Derek Achong
Senior Reporter
derek.achong@guardian.co.tt
The State is set to defend scores of compensation claims from illegal migrants who were unlawfully held at the Chaguaramas Heliport due to the delay by National Security Minister Fitzgerald Hinds in declaring the facility a detention centre after the end of the COVID-19 pandemic.
Delivering a decision on Wednesday morning, High Court Judge Frank Seepersad upheld a habeas corpus from a Venezuelan national Samih Tarek Soriti Benitez, who has been detained at the facility after being arrested alongside almost 200 fellow nationals at a nightclub in St James on July 8.
Presenting submissions during the hearing, the man’s lawyer Gerald Ramdeen noted that before the Government began using the facility, then national security minister, now current Energy and Energy Industries Minister Stuart Young issued a declaration under the Immigration Act for the facility to be used to quarantine illegal migrants that would normally be detained at the Immigration Detention Centre in Aripo.
Ramdeen pointed out that after the Ministry of Health stopped mandatory quarantining under the pandemic, Hinds should have issued another order for the facility to be used strictly for detention as with the centre in Aripo.
He noted the order from Hinds to Chief of Defence Staff Air Vice Marshall Darryl Daniel only came hours after he successfully pursued a separate but similar case on behalf of six illegal migrants who were arrested alongside Benitez.
Ramdeen stated that the outcome means other detainees at the heliport could now make claims against the State over their detention up to when the order was issued.
In the case with the other six migrants, which was determined by High Court Judge Avason Quinlan-Williams on Monday, Ramdeen’s clients were released as the order was not in place at that time.
While Justice Seepersad ruled that Benitez was entitled to compensation for being unlawfully detained at the location after his arrest like the six others, he did not order his release based on the order.
The compensation due to Benitez and the others will be calculated at a later date.
Justice Seepersad said, “It is patently obvious that the order of then-minister of national security (Stuart) Young to have the heliport declared as an immigration detention centre was limited to the duration of this country’s mandatory quarantine measures in response to the Covid pandemic.”
Justice Seepersad noted that earlier this month, he ruled that the United Nations’ 1951 Convention Relating to the Status of Refugees, which this country signed on to in November 2000 and advocates against returning refugees to a country where they would probably face persecution (non-refoulement) could not apply locally as its provisions were not incorporated into local laws by Parliament.

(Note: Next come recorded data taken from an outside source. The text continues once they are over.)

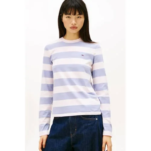 Deze top van Tommy Jeans heeft rechte mouwen en een ronde hals. De top is gemaakt van 100% katoen en heeft een streepprint, je draagt dit makkelijk bij verschillende outfits.
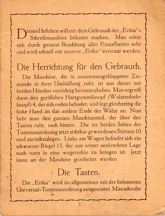 Anleitung für den Gebrauch der Erika-Schreibmaschine
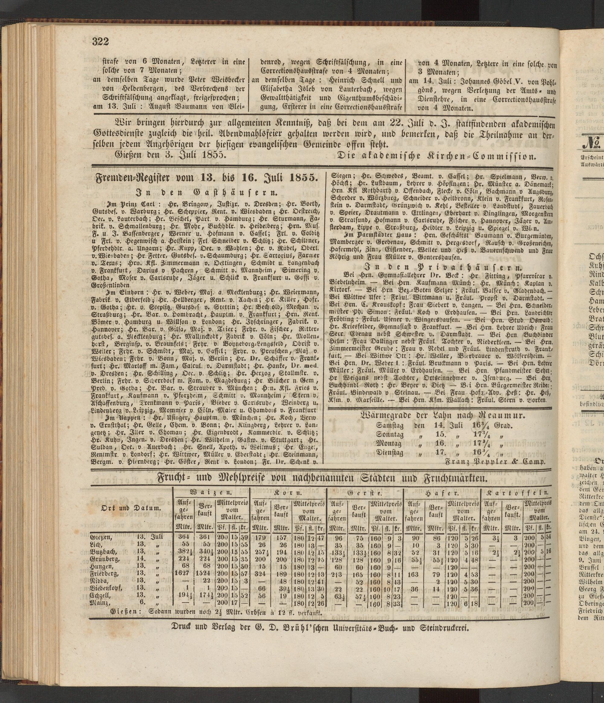 Anzeigeblatt für die Provinzialhauptstadt Gießen. 1840-1867
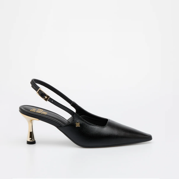 O Sapato Estela combina o clássico bico fino com um toque de modernidade através do seu salto médio metálico em tom de joia, um elemento escultural que adiciona luxo e é o ponto focal do design. Seu design elegante é complementado pela tira slingback com fivela ajustável, garantindo um visual sofisticado e feminino. É um modelo perfeito para quem deseja um visual marcante e refinado, ideal para eventos, trabalho ou ocasiões especiais.

He noted that it could not apply despite migrants being granted refugee status by the United Nations High Commissioner for Refugees (UNHCR).
“As a result, migrants who have entered into the jurisdiction illegally and who have not availed themselves of the amnesty afforded via registration can be deported notwithstanding their refugee status recognition by the UNHCR,” he said.

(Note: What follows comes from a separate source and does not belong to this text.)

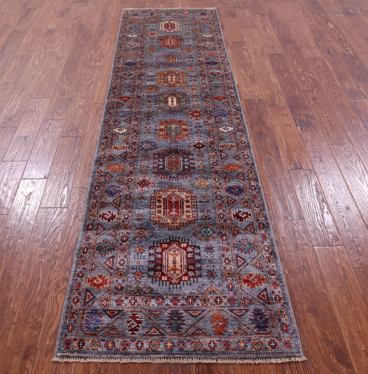 Grey 2' 7" X 9' 6" Runner Fine Turkmen Ersari Handmade Wool Rug - Q16639 is backordered and will ship as soon as it is back in stock.

Admitting that the legal position may seem disheartening, Justice Seepersad said, “As a result, migrants need to appreciate their reality, take charge of their circumstances and either voluntarily return to their homelands or run the risk of deportation.”
Justice Seepersad also expressed hope that the legal position on the convention would be urgently addressed.
“The State must end its vacillation and either enforce the existing or immediately formulate a humanitarian policy, honour the Convention obligations and enact the requisite enabling legislation,” Justice Seepersad said.
“The failure to take decisive action is long overdue and amounts to a dereliction of duty,” he said.
Benitez was also represented by Dayadai Harripaul.